Flowers that don’t combust well and taste of chlorophyll aren’t enjoyable objectively. It’s not a matter of preference, do you know anyone that prefers to smoke weed that doesn’t burn well and tastes of carbon and chlorophyll?

Peace
Ok buddy, you do you, keep on keeping on. But maybe take some time to look into what causes changes in color in burnt organic material, it doesn’t hurt to actually learn things instead of repeating unproven stoner hypothesis. If you’re going to state something is a scientific fact you need to actually back that up with scientific facts, but you can’t because they don’t exist.
 

Sanjuro

Active member
Weed is going to be harsh and bitter with any nutrient line if you over feed your plants and don’t prepare the plant for harvest the right way



I use the term FLUSHING if i want to RINSE nutrients out of the grow medium.

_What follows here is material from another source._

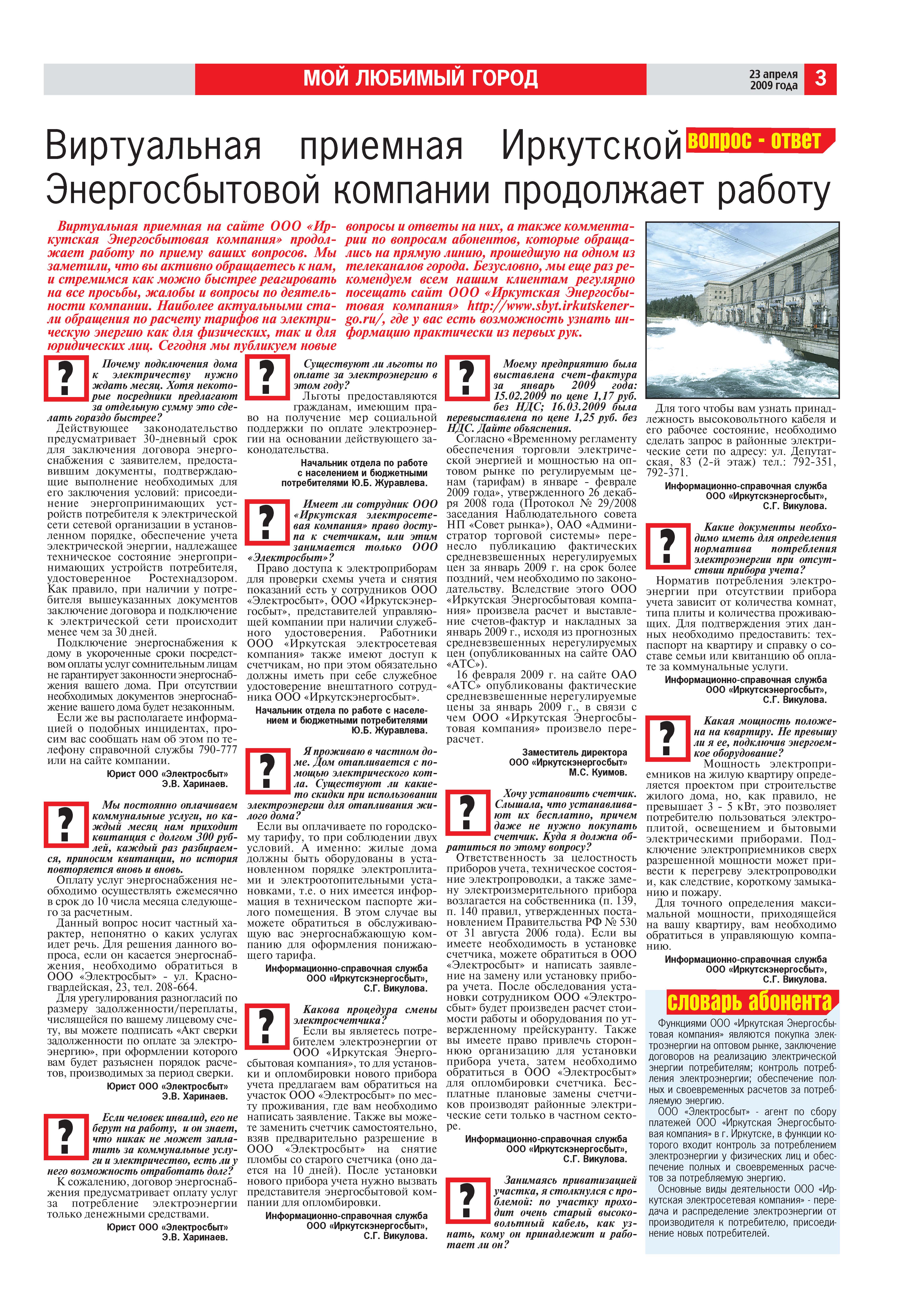 23.04.2009 Виртуальная приемная ООО "Иркутскэнергосбыт", газета "Комсомольская правда"

I use the word STARVING when i allow the medium, soil or soil/coco in my case, to slowly run out of nutrients and the plants starts to yellow or fade what ever term you want to use, before i cut them down



When the plant gets STARVED and nutrients arent put into the soil/coco any more it doesn’t mean the medium is going to run out of plant food immediately. The grow medium is a food storage

Usually i start to see signs of more noticeable yellowing on the lower canopy about 10 days after cutting the main NPK food. As the plant starts to yellow out more and a bit faster after maybe 20 days have past since cutting the food, around this time the plant naturally also uses very little food any more because it is nearing the end of it’s blooming cycle and life cycle. (edit. I also flower my plants very ripe, i don't cut them down too early like fairly many seem to do with lots of white pistils still on the buds)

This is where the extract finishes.